▶ [TRY IT]:
In the entries below, find the line with "Die Holzkarten sind" and the line with "[page 3] other"; reproduce those two lines and all lines between them exactly, without pictures.

▶ [RECORDED DATA]:
# # #

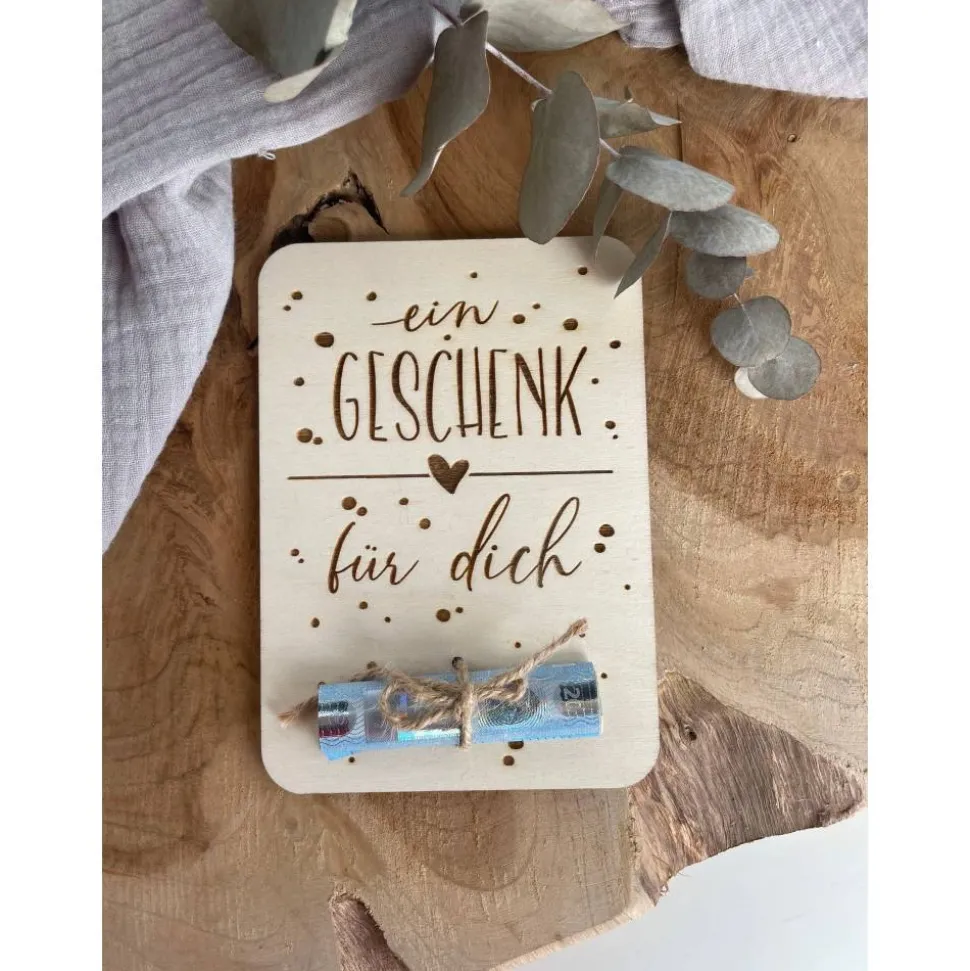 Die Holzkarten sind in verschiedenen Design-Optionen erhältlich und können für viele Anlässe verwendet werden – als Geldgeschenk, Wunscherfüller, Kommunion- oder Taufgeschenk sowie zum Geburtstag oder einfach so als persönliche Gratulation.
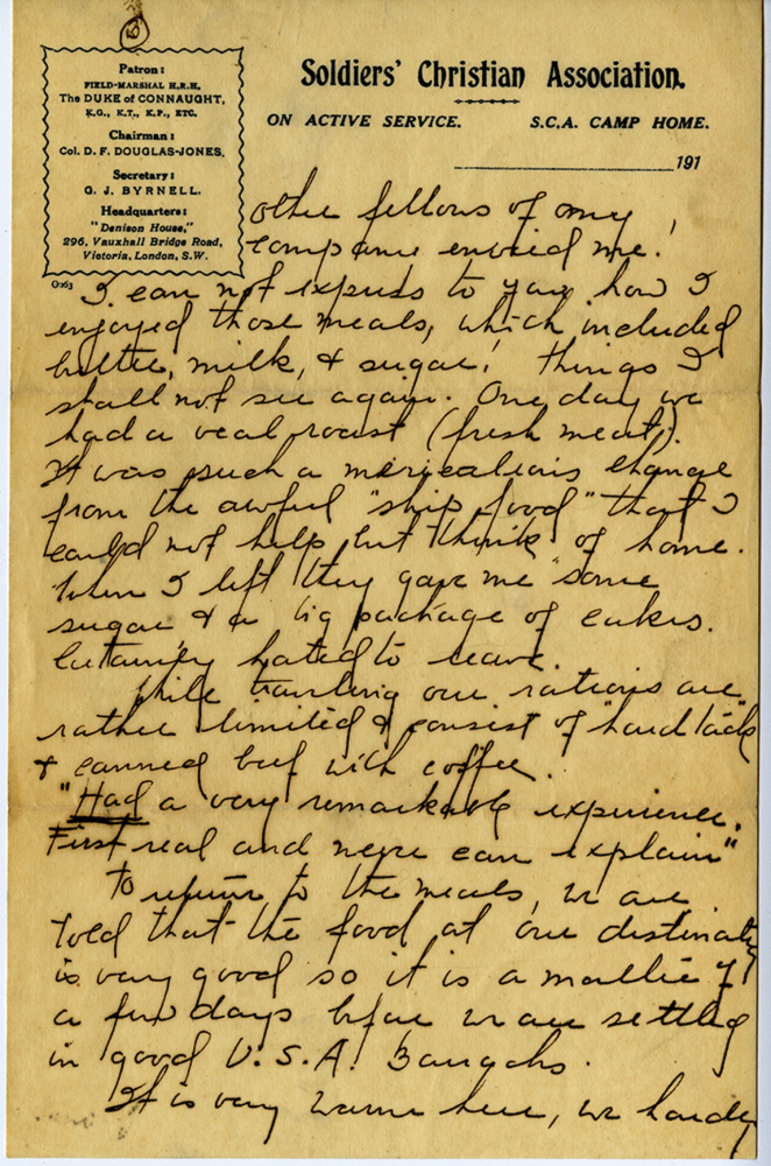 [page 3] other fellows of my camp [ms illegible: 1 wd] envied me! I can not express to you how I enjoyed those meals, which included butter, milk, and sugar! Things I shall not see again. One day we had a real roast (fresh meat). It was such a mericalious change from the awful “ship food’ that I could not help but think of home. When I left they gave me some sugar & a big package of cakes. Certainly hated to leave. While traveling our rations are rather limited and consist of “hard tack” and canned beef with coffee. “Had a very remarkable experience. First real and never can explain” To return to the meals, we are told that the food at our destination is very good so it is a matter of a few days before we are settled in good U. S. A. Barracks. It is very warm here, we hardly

# # #

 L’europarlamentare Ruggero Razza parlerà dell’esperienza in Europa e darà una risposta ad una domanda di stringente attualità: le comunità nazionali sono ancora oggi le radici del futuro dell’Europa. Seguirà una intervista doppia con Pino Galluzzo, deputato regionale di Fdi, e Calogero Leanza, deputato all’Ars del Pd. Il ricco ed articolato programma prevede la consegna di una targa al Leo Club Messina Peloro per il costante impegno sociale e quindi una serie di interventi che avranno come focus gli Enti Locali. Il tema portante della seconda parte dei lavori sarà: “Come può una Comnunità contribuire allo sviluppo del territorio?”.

# # #

▶ [SOLUTION TO THIS PROBLEM]:
 Die Holzkarten sind in verschiedenen Design-Optionen erhältlich und können für viele Anlässe verwendet werden – als Geldgeschenk, Wunscherfüller, Kommunion- oder Taufgeschenk sowie zum Geburtstag oder einfach so als persönliche Gratulation.
 [page 3] other fellows of my camp [ms illegible: 1 wd] envied me! I can not express to you how I enjoyed those meals, which included butter, milk, and sugar! Things I shall not see again. One day we had a real roast (fresh meat). It was such a mericalious change from the awful “ship food’ that I could not help but think of home. When I left they gave me some sugar & a big package of cakes. Certainly hated to leave. While traveling our rations are rather limited and consist of “hard tack” and canned beef with coffee. “Had a very remarkable experience. First real and never can explain” To return to the meals, we are told that the food at our destination is very good so it is a matter of a few days before we are settled in good U. S. A. Barracks. It is very warm here, we hardly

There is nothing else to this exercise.